In 1999, dissatisfied with the failure of mainstream outlets, including Palestinian news sources, to cover the day by day realities of Palestinian lives, in September he began a personal blog The Palestinian Chronicle, which became a newspaper of which he remains chief editor. [7] [8] He has served as managing editor of Middle East Eye, editor-in-chief of the Brunei Times and as a deputy managing editor of Aljazeera online and once headed Al Jazeera's English's Research and Studies department. He has also taught mass communication at the Malaysia Campus of Australia's Curtin University of Technology. [9] In 2015, he received a PhD in Palestinian Studies at the University of Exeter with a doctorate on a "People's History of Palestine", under the direction of Ilan Pappé. [3]

Baroud subscribes to the One-state solution and actively supports the One Democratic State Campaign. [7]

Works

Baroud is the author of five books, and the joint editor of a sixth. Some have prefaces or afterwords by Kathleen Christison and Bill Christison, Jennifer Loewenstein, Khalida Jarrar and Richard Falk.

Notes

  1. "I was born on July 22, 1972. The midwife who helped bring me into the world was an old refugee woman, the same midwife that helped deliver my siblings," (Baroud 2010, p. 95)
  2. Baroud challenges as a myth the common perception that Israeli politics has a separate pro-peace leftist party and rightwing hostile to compromise. Most of the abuses of the occupation were instituted by the Israeli Labor Party. He notes that the offer in the Oslo Accords of the right of Palestinians to have a flag and national anthem was just a "symbolic achievement" (Sharabani 2016).
  3. "Engulfed by my own rebellious feelings, I picked up another stone, and a third. I moved forward, even as bullets flew, even as my friends began falling all around me. I could finally articulate who I was, and for the first time on my own terms. My name was Ramzy, and I was the son of Mohammed, a freedom fighter from Nuseirat, who was driven out of his village of Beit Daras, and a grandson of a peasant who died with a broken heart and was buried beside the grave of my brother, a little boy who died because there was no medicine in the refugee camp's UN clinic.

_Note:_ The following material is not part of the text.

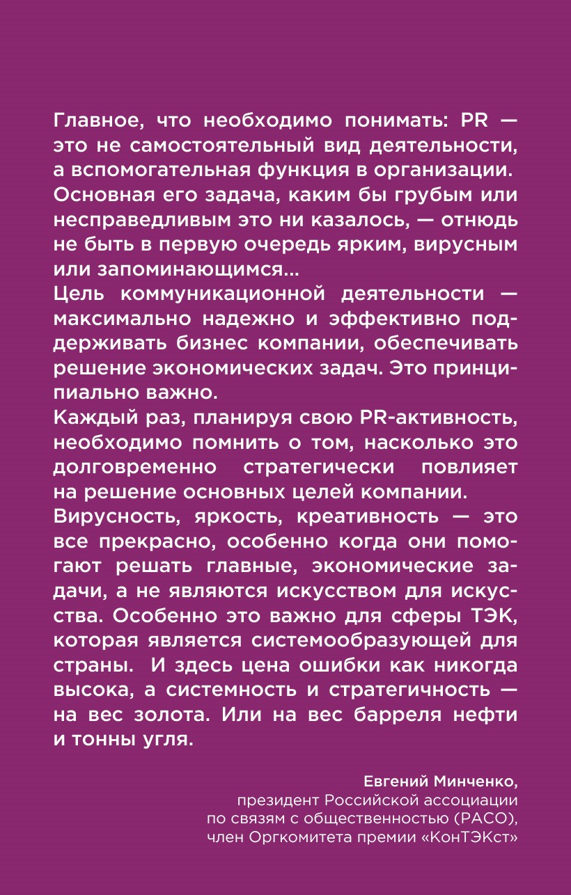 Книга «30 лучших коммуникационных проектов ТЭК» – это уникальный проект, который объединил многолетний опыт ведущих компаний топливно-энергетического комплекса в различных направлениях коммуникационной деятельности. Это квинтэссенция лучших отраслевых коммуникационных практик, технологий и инструментов. Вы держите в руках уникальный учебник, который поможет вам решить практически любую задачу компании, подскажет новые идеи, снабдит самыми эффективными инструментами и технологиями.

My mother was Zarefah, a refugee who couldn't spell her name, whose illiteracy was compensated for by a heart overflowing with love for her children and her people, a woman who had the patience of a prophet. I was a free boy; in fact, I was a free man" (Atzmon 2010; Baroud 2010, p. 132)
  4. "A deeply moving chronicle of the persisting Palestinian ordeal. This book, more than any I have read, tells me why anyone of conscience must stand in solidarity with the continuing struggle of the Palestinian people for self-determination and a just peace" (ICAHD 2020).